▶ **What the task requires**:
Once you find the line containing "(조세금융신문=이지한 기자) 9일", set down exactly that line and every one after it through the end of the listing below, with both ends included and any pictures omitted.

*** Block opens ***

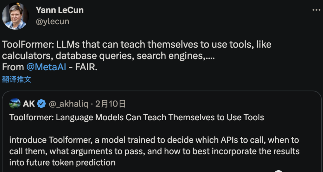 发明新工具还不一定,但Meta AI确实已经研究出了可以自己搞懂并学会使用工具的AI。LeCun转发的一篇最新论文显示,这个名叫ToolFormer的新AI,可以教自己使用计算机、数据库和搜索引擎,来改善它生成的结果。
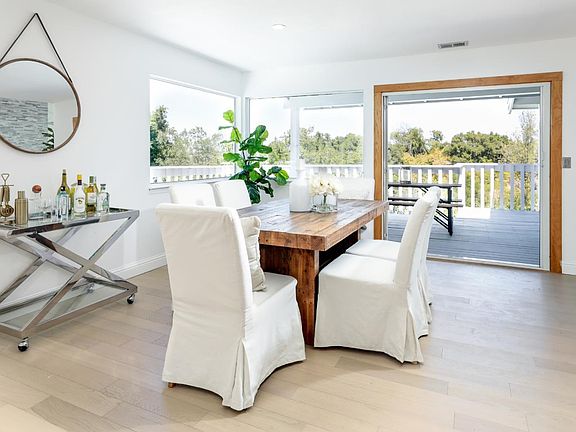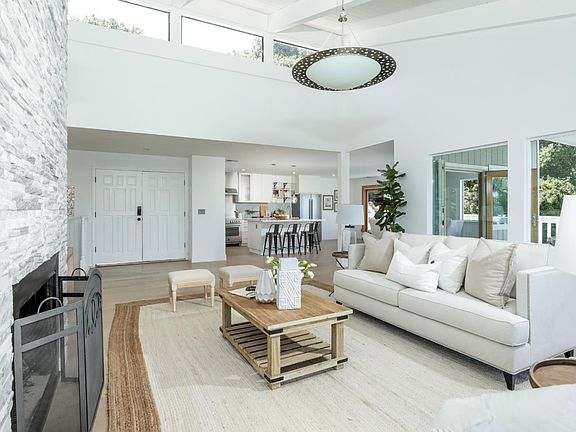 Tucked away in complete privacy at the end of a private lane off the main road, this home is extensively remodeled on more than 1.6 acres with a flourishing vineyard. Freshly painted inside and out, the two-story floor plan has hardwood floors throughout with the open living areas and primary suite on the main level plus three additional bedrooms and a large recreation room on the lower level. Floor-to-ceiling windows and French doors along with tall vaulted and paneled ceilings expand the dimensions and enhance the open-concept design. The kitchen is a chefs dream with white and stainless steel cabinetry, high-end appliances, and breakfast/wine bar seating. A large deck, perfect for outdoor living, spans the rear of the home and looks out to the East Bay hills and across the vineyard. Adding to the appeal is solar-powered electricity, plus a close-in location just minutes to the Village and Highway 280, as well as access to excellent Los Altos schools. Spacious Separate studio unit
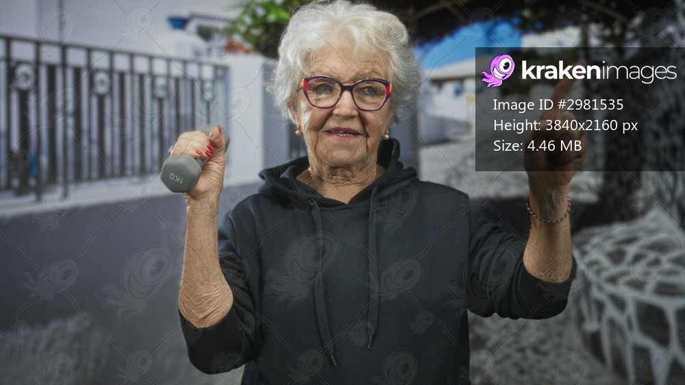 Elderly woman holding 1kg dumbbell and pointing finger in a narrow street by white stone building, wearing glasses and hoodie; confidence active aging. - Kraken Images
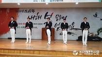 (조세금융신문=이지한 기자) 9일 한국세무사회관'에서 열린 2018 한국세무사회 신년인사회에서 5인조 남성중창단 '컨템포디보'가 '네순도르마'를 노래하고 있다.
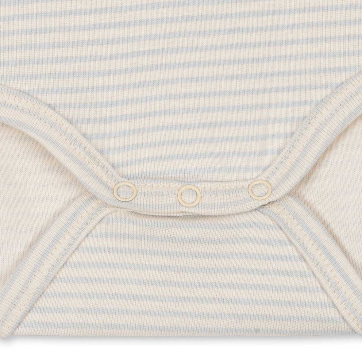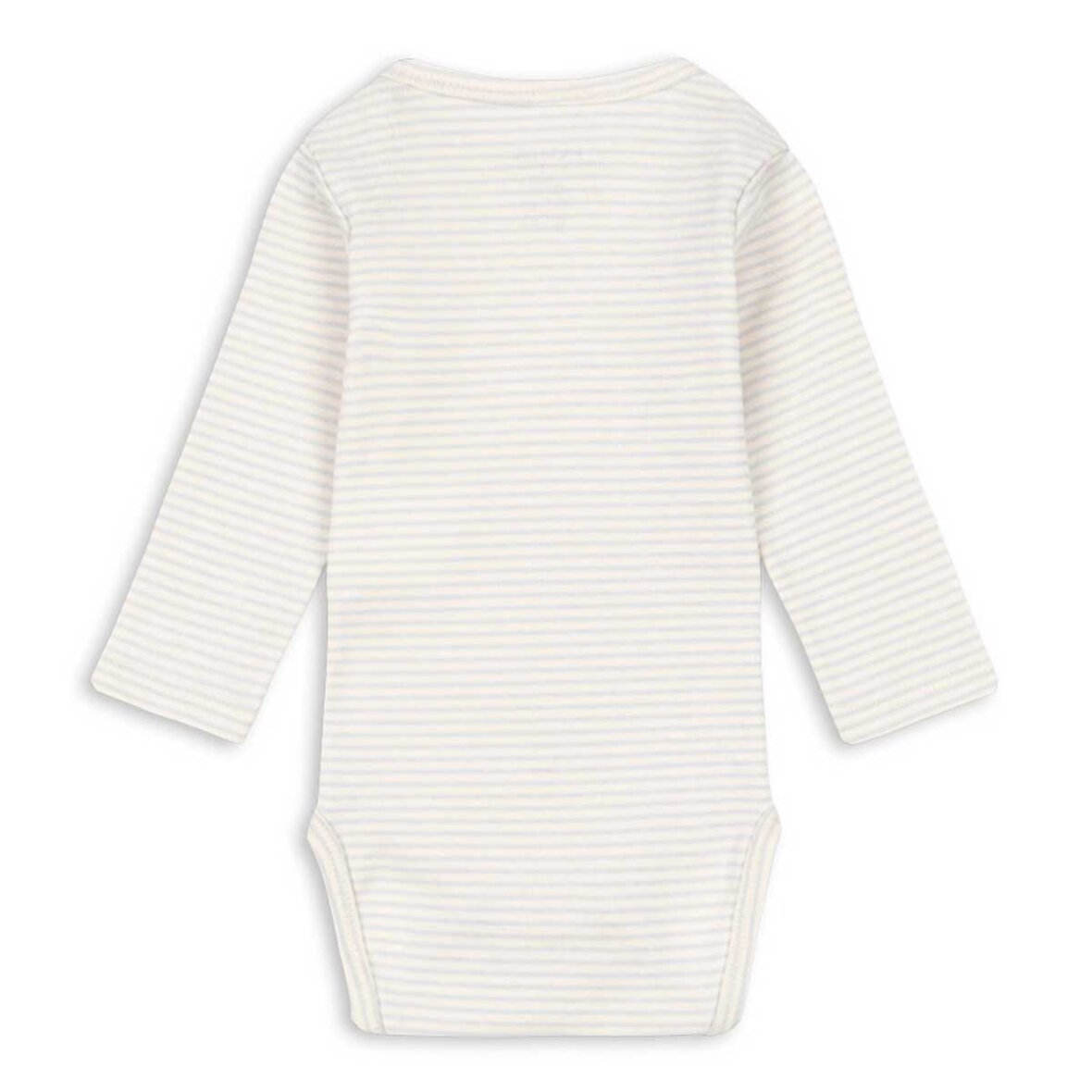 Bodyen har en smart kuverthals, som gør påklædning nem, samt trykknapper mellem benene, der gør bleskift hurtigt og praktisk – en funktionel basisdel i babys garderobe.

*** Block closes ***

▶ **Finished task**:
 (조세금융신문=이지한 기자) 9일 한국세무사회관'에서 열린 2018 한국세무사회 신년인사회에서 5인조 남성중창단 '컨템포디보'가 '네순도르마'를 노래하고 있다.
 Bodyen har en smart kuverthals, som gør påklædning nem, samt trykknapper mellem benene, der gør bleskift hurtigt og praktisk – en funktionel basisdel i babys garderobe.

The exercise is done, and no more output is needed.